Accusations of anti-Semitism now have descended to the level of claiming that Jews in the movie have "hook noses" and look like Nazi caricatures of Jews. However, we have actors in the movie, not cartoon caricatures. Unless Mel Gibson is to be accused of applying prosthetic noses and makeup to alter their appearance (apart from the beards, which are historically necessary), the accusation would seem to amount to more than that the Jewish characters look Jewish. Since the actors in the movie are supposed to be Jews, and are sometimes played by Jewish actors (like Maia Morgenstern, who plays Mary), one wonders if Gibson was supposed to go out of his way to make sure they don't look Jewish. Or perhaps critics want to claim that there is no such thing as "looking Jewish." Certainly, many Jews (like Sammy Davis Jr. or, for that matter, Kirk Douglas, born Issur Danielovitch), don't "look Jewish"; but it would be hard to argue that there are no resemblances among many Jews, as among Arabs, Turks, Scots, Mexicans, etc.

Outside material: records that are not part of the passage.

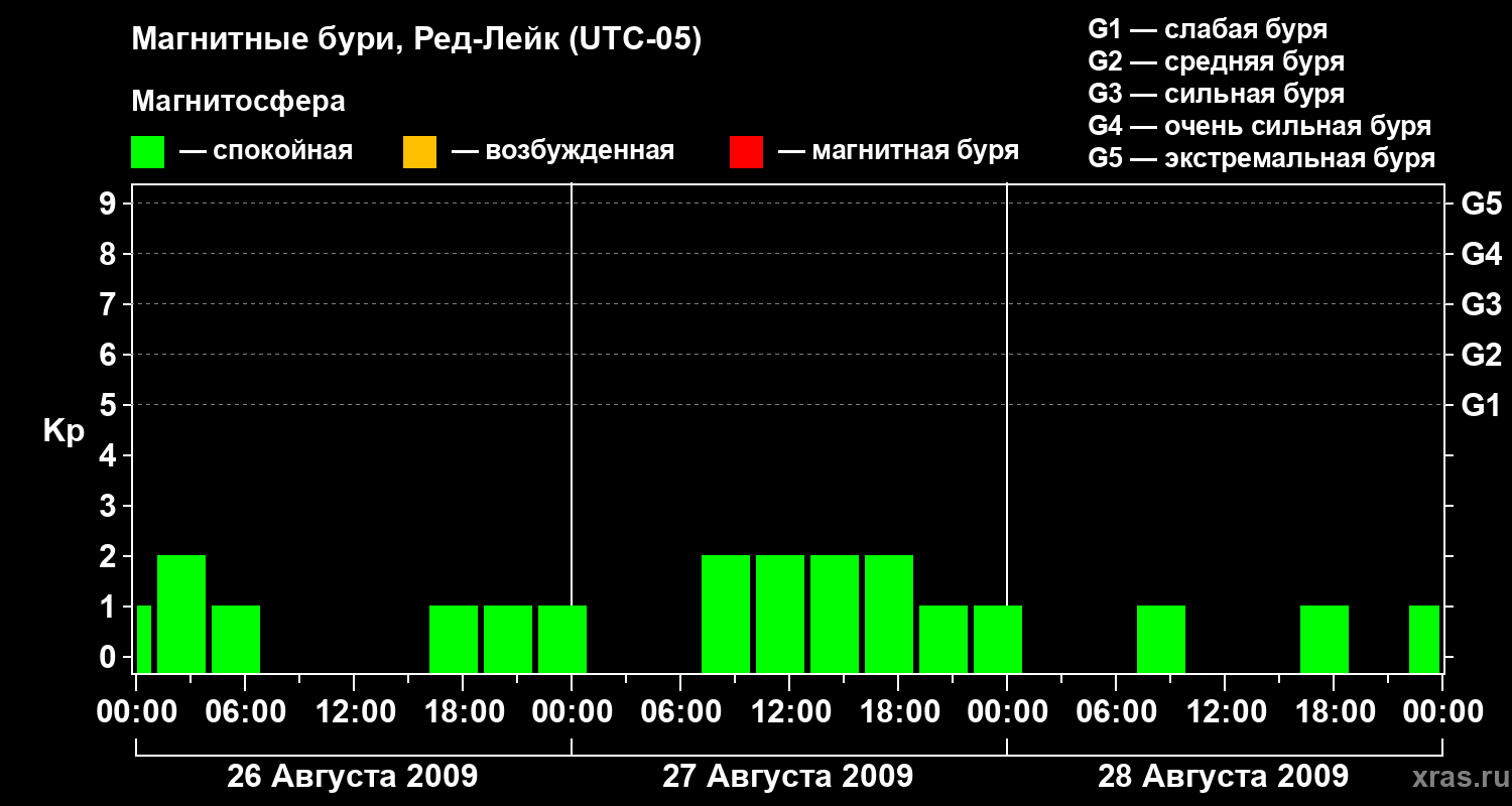 Магнитные бури в Ред-Лейке 28 августа 2009 года
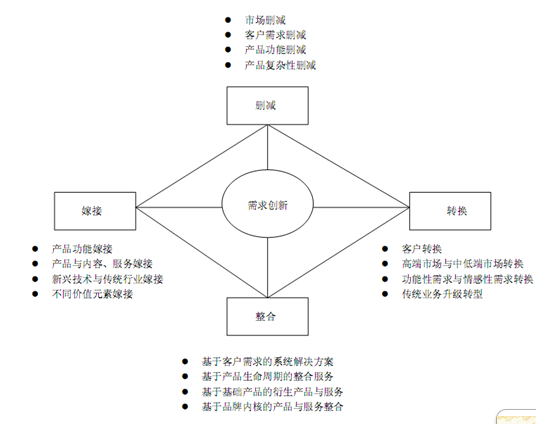 “删减”包括市场删减、客户需求删减、产品(包括服务,下同)功能删减、产品复杂性删减四条细分路径;“嫁接”包括产品功能嫁接、产品与内容/服务嫁接、新兴技术与传统行业嫁接、不同价值元素嫁接四条细分路径;“转换”包括客户转换、高端市场与中低端市场转换、功能性需求与情感性需求转换、传统业务升级转型四条细分路径;“整合”包括基于客户需求的系统解决方案、基于产品生命周期的整合服务、基于基础产品的衍生产品与服务、基于品牌内核的产品与服务整合四条细分路径。
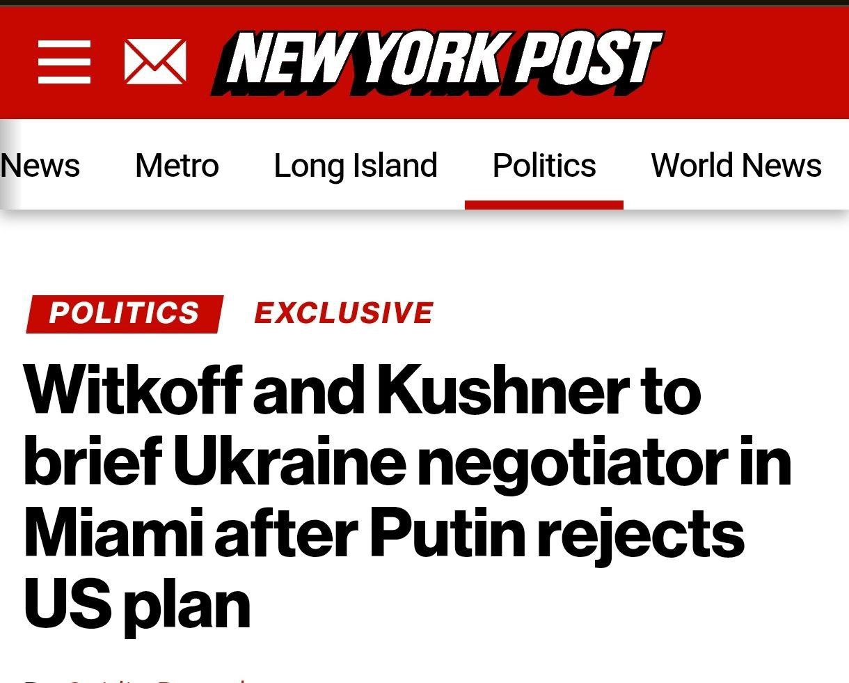 Посол Украины в США Ольга Стефанишина подтвердила сегодняшнюю встречу спецпосланника Уиткоффа и Кушнера с Умеровым в Майами.

While the ambition of the movie for authenticity is evident in its use of Latin and Aramaic, informed critics have noted that it would be less likely that a Roman governor would know Aramaic, or that a Jew would know Latin, than that all of them would know Greek, which had existed as a second language in Palestine for 300 years (why the New Testament is written in Greek) and which educated Romans would learn as a matter of course. It would be nice to have the Greek, but the use of even two ancient languages in a Hollywood movie is marvelous enough. Actually, hearing Pilate say, Ecce homo ("Here is the man"), a familiar phrase in its own right in Latin, is dramatically stronger than the Íde ho ánthrôpos, , of the Gospels [John 19:5]. Finally, however, an answer must be given to the question posed by the show "History or Hollywood?" on the History Channel:  Is The Passion of the Christ History or Hollywood? Truly, it is neither. Based on the Gospels, and intended to express essentials of Christian faith, it succeeds extaordinarily well as an expression of religion. As film making, as art, and as boxoffice, the movie has succeeded as Hollywood also, but no one (except Andy Rooney) can seriously argue that the movie was made or intended as a cheap exploitation of a religious market. Quite the contrary. Conventional wisdom would dictate that such a movie would be a financial disaster. Already playing, The Gospel of John [2003] has made not much more than $3,000,000. If The Passion of the Christ did no better than that, Mel Gibson would be out a lot of money. The furor that arose during the production, with charges of anti-Semitism, also sounded like the kiss of death for the project. Instead, the movie opened with record-breaking attendance, with people emerging weaping and moved beyond words. Gibson recouped his investment in two or three days ($125 Million after only five days). One could well understand him thinking, Vox populi, vox Dei.